The closest BoopityBoop ever came to being naughty was their decision to test us about the rule that food is to be eaten at the kitchen table. They both wanted to be able to wander around the house with a cookie or a fistful of veggie straws. I told them they couldn’t do that and they begged to differ. Boop kept trying to slide off the bench and run away with her food and I chased her, which she thought was the most fun game ever, until I caught her and pried the waffle out of her tight little fist. Then she got mad. I was unimpressed with her toddler anger. Boopity handled the rules differently: she stuffed her cheeks full of as much as she could hold and ran off. I admired her compromise.
The thing about toddlers is not that they’re naughty, its that they’re non stop. Our house isn’t all that big and I gated the stairs so they were contained on the main floor. That meant six rooms, including our bedroom. Two toddlers and six rooms. They almost never stopped moving. They split up and both have an uncanny knack for finding what you don’t want them to have.
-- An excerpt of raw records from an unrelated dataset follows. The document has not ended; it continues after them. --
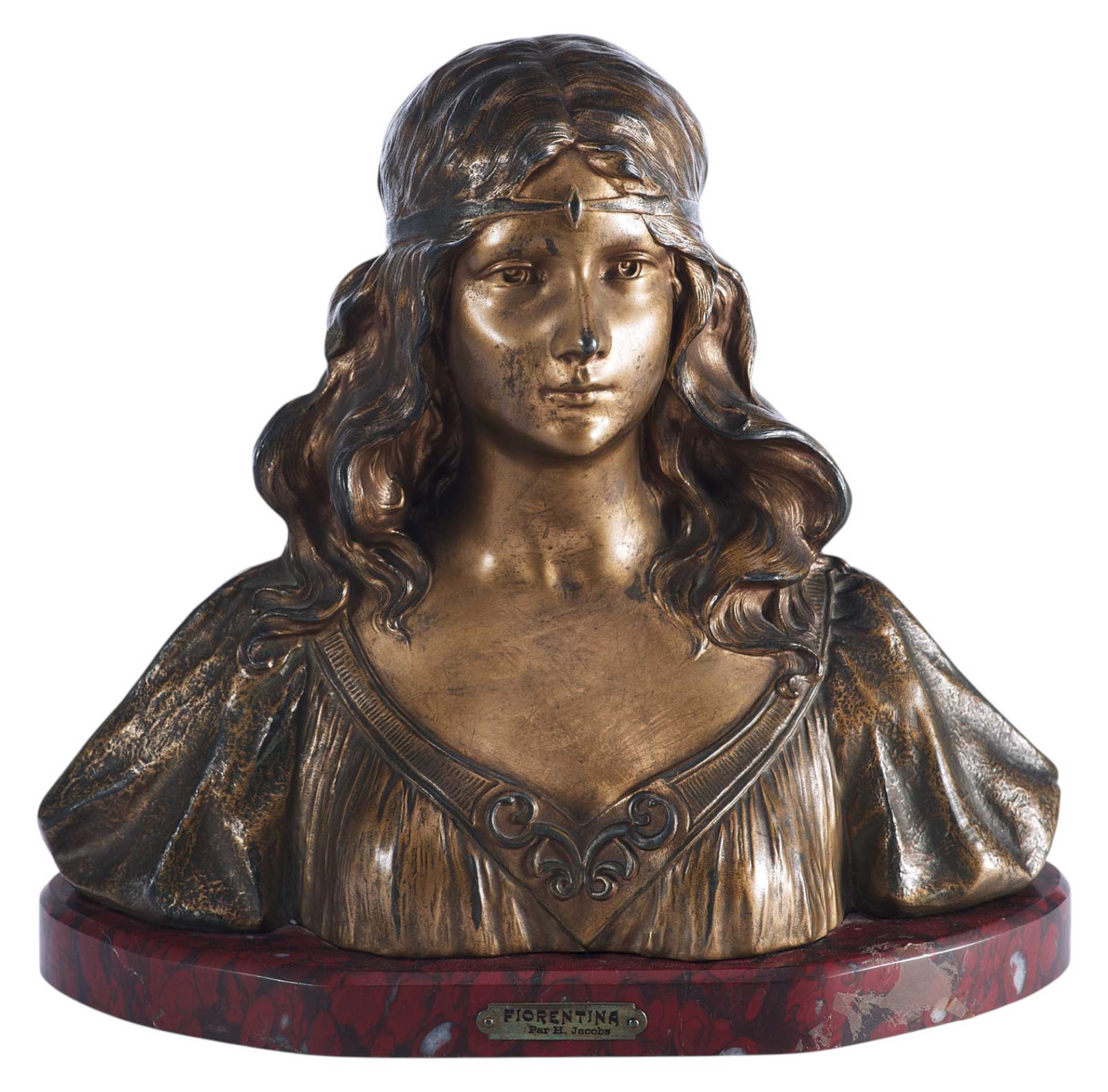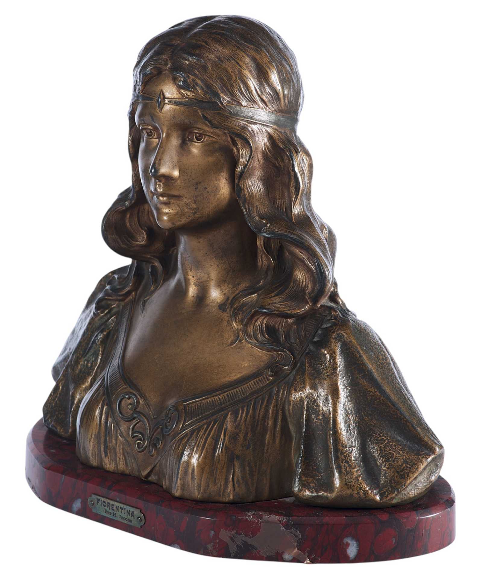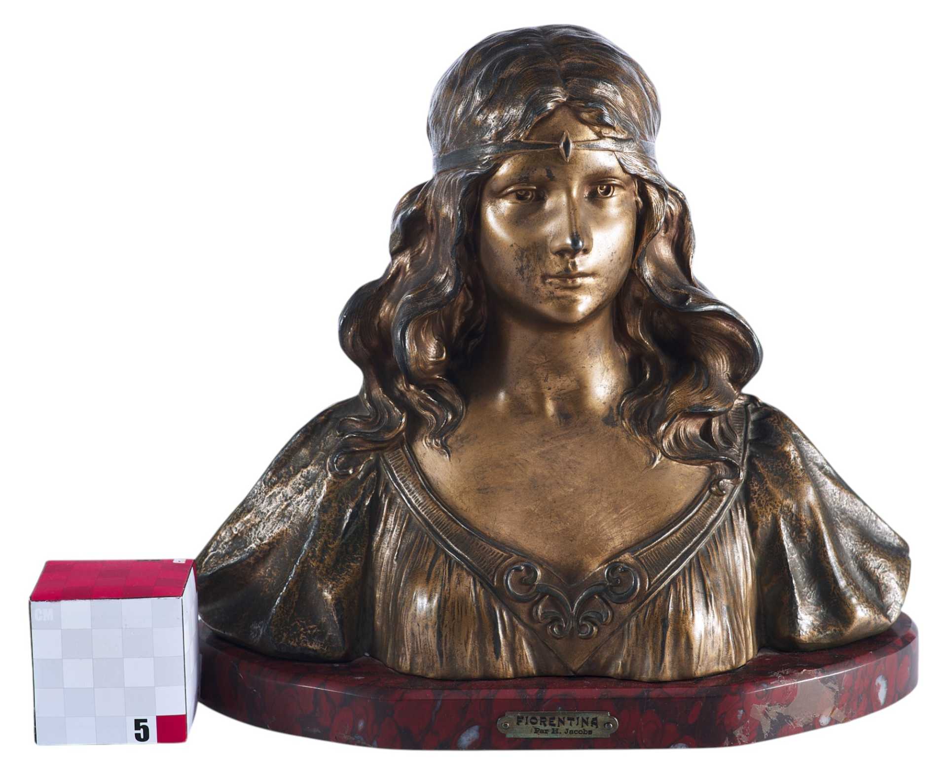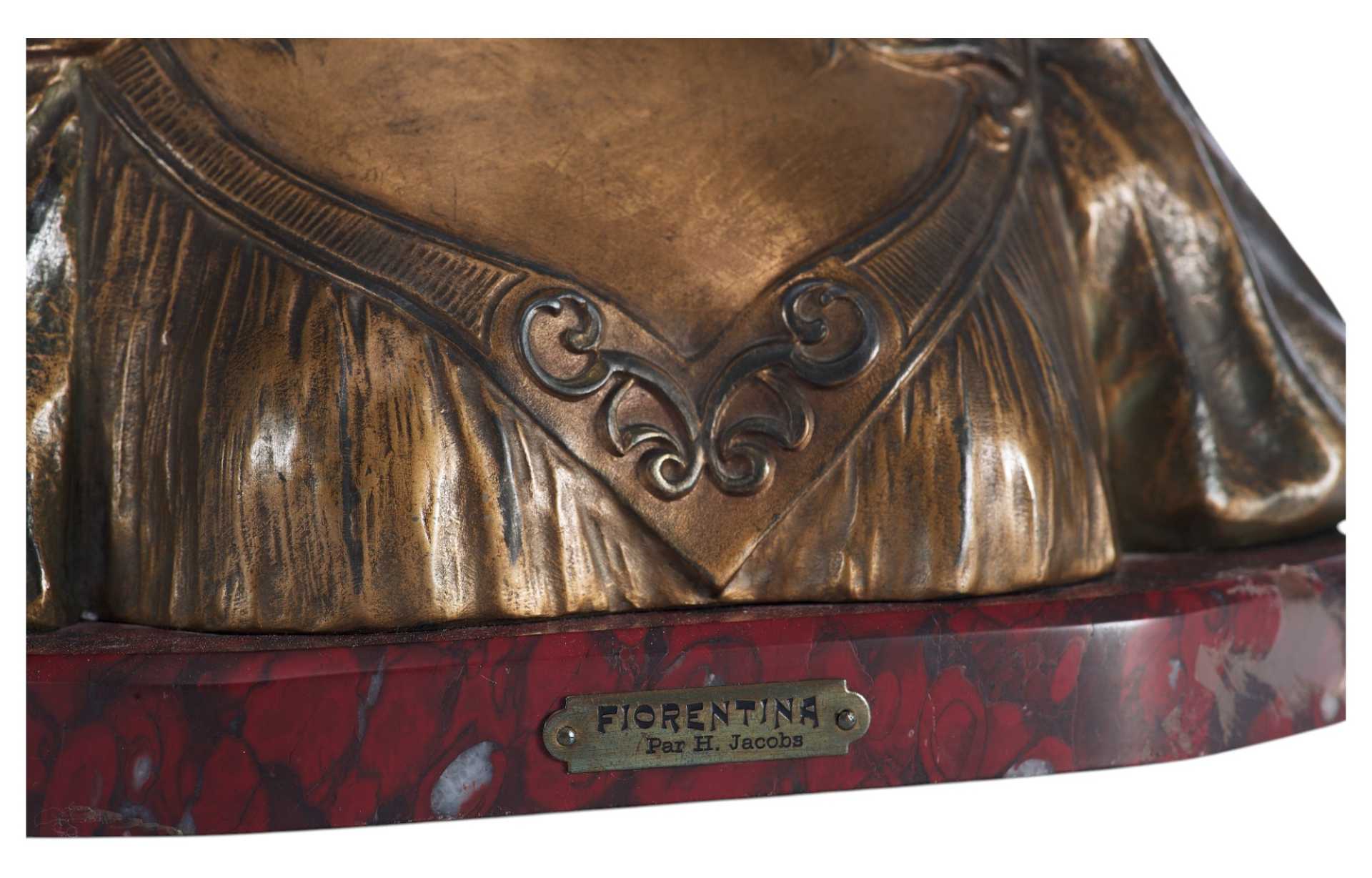 На подставке шильдик с надписью “FIORENTINA Par EL Jacobs”. Фиорентина (Флорентийка) с EL Якобса. Бюст с изображением флорентийки представляет собой типичный пример кабинетной бронзовой пластики, получившей наибольшее распространение в конце XIX — начале XX века. Скульптура отличается высоким качеством исполнения и стилистической гармонией. Художественные признака предмета и состояние используемых материалов не противоречит указанной датировке.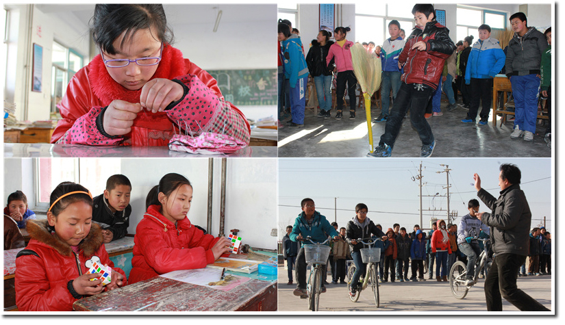 本次趣味体育竞赛分为五个项目。其中有“穿针引线”、“脚顶木杆”、“转魔方”与“慢骑自行车”四项个人项目,以及“大脚丫”一项集体项目。在活动中,同学们积极报名,热情参与,有的同学甚至参加了三至四个项目。个人项目中,选手们屏息凝神,专心致志,充分展示了个人的特长;集体项目中,大家齐心协力,高喊口号,操场上不时传来阵阵掌声。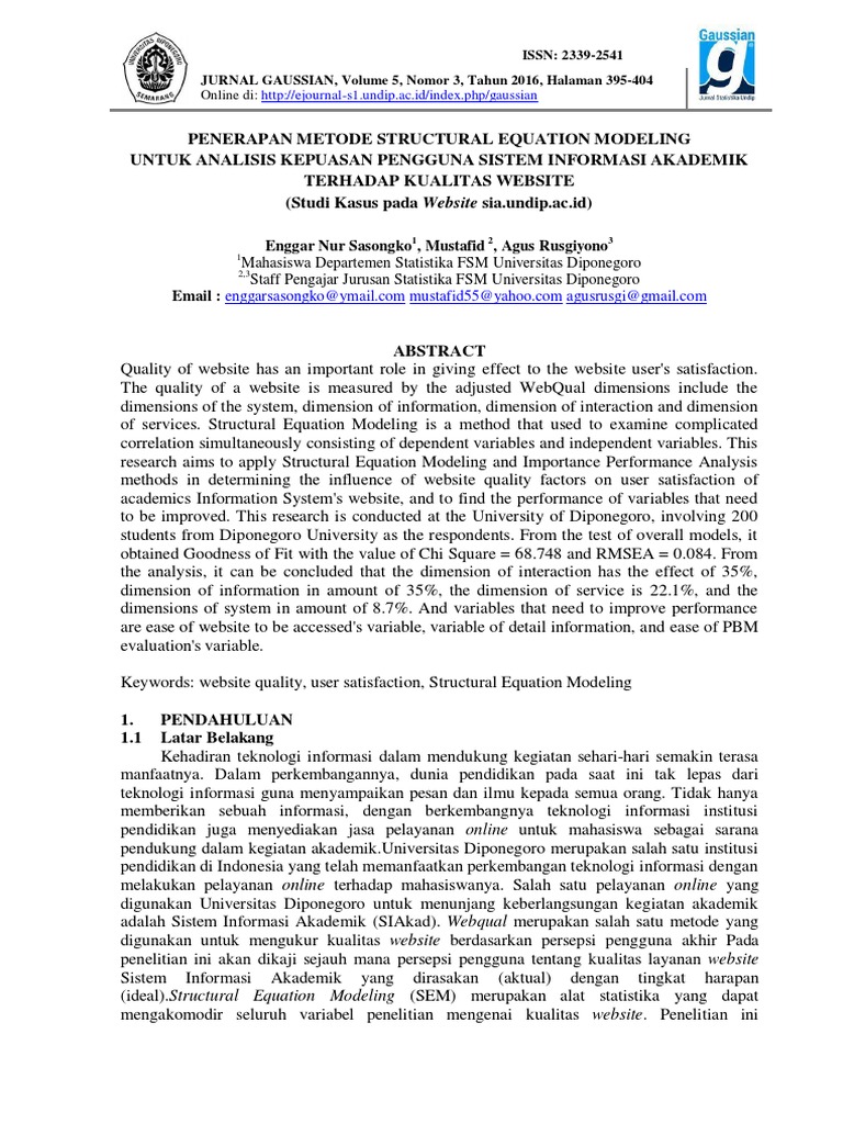menerapkan Structural Equation Modeling menganalisis faktor kualitas website terhadap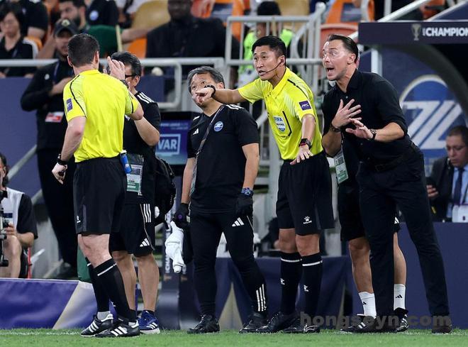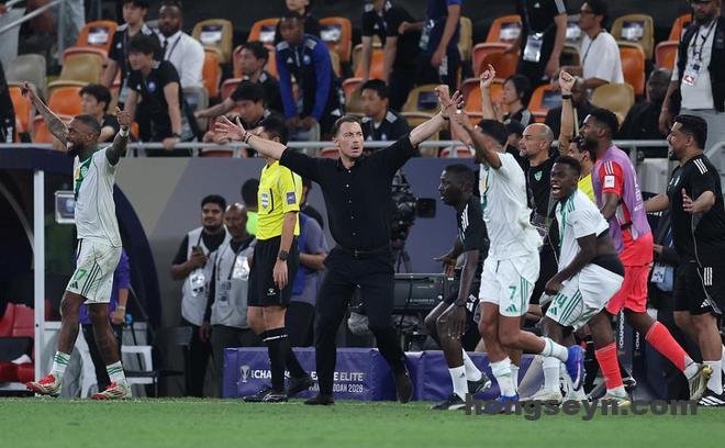 而面对吉达国民教练组依依不饶的质疑抗议,马宁霸气伸出一指,示意他们不要再纠缠,吉达联合的染红球员,只能悻悻地迅速离场。随后转播镜头拍到马宁和吉达国民助教之间还在进行交流。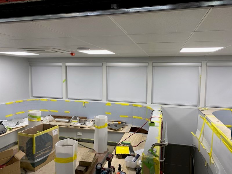 Check out the images of Ziptrak ® Interior Blinds being installed while the vessel was constructed by Norman R. Wright & Sons.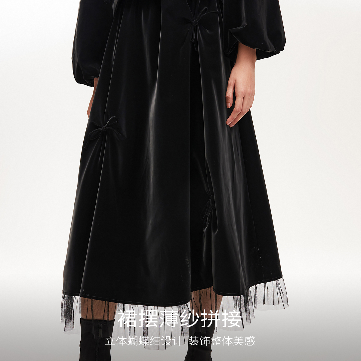 气质宽松下摆蕾丝拼接裙子女装 秋季 507358 2025新款 三福半身裙长款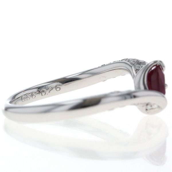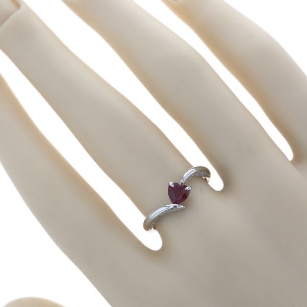 K18WG ホワイトゴールド リング ルビー 0.56ct ダイヤモンド 0.26ct ハート ウェーブ 指輪 11号 仕上済 zz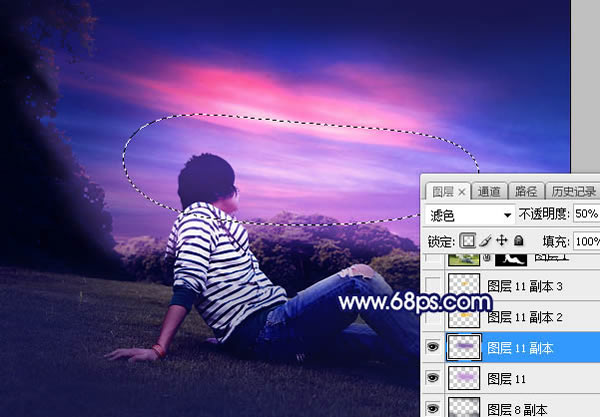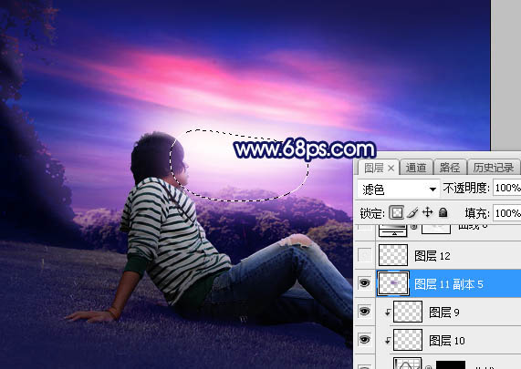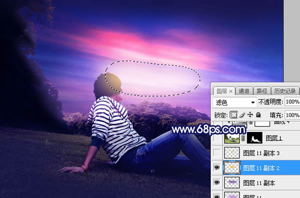 25、新建一个图层,混合模式改为“滤色”,用柔边画笔给下图选区部分涂上紫色高光。

Jay had left a bag of popcorn on the end table next to his chair. It took them less than 2 second to find the bag, open it and dump half of it out on his recliner. I took the bag, clipped it shut and they helped me vacuum the chair up. I put the bag on the kitchen counter. They found it there.
One way to corral them was to read to them. They LOVE books! In fact, they refused to settle down for a nap until I gave them a book to read in their pack-n-plays.
On Saturday, they read their books, fell asleep and had a nice long nap. On Sunday, it didn’t quite work out. Boopity’s book featured over forty little windows that opened, three or four to a page. Those windows were no match for Boopity.
Meanwhile, Boop didn’t destroy her book because she was too busy taking her crib apart. She removed the fitted sheet from the fold up mattress, tossed it across the room and folded up the mattress. When I finally gave up on them ever sleeping, I went in to find her sitting on the bottom of the crib, leaning against the mesh side of the bed, nonchalantly reading her book with the mattress pulled up over her lap like a blanket.
So I gave up on the nap for Sunday.
We’d gotten a lot of snow earlier in the week. In fact, we had a little snow, a thaw, a freeze and then several inches of snow on top of glare ice. When I went to painting class, the roads were so slick with glare ice that it took me twice as long as normal to get there. I lost count of how many cars I saw in the ditch before I got half way there. Painting was fun, as always, but my eye hasn’t fully recovered from being sick a week ago.
You know how when you’re sick, nothing tastes right? And smells affect you differently from when you’re healthy? Well, being sick can affect your eye/brain connection as well. I like the way the painting I did looks but every stroke of the brush was a fight and I wasn’t able to push the canvas very far.
By the time I got home, Jay had cleared the driveway of snow and put a nice layer of grit down.
But it kept snowing all weekend. Jay cleared the drive at least two more times while the girls were here but at least the temps came up from the deep freeze. By Sunday, we had well over a foot of snow but it was up in the 20s and there was no wind, so it really was lovely outside!
I’d gotten snow pants, boots and mittens for the girls way back before Christmas and this weekend, I finally got a chance to use them! It took quite a while to wrestle them into their snow gear. Neither of them wanted to put on snow pants, boots, mittens and their coats. They are both experts at noodle-body so the process was long, hard and frequently hilarious but in the end, I prevailed! And when I finally opened the back door and tossed them out into the snow, they loved it!
Jay dug out the car they used to drive around the yard. Boopity made a beeline for it and pretended to drive through the snow. The snow in the backyard was armpit deep on them, so Boop followed me around, walking in my footprints like St. Wenceslas’ servant. We brought them out to the drive way and Jay showed them how he was spreading salt and grit. He let them throw handfuls of grit onto the drive. They liked that. Then we took them for a brief walk; down the driveway and across the sidewalk in front. I think they would have kept going all the way around the block but Jay and I got a little nervous, it was so slippery out there and they were really quick. We dragged them back up the driveway into the back yard. After a half hour in the snow, they were ready to go back inside.
All that snow made travel difficult so it took a few hours longer for Katie to get back to town. By the time she arrived to pick the girls up, I was ready to sleep for days.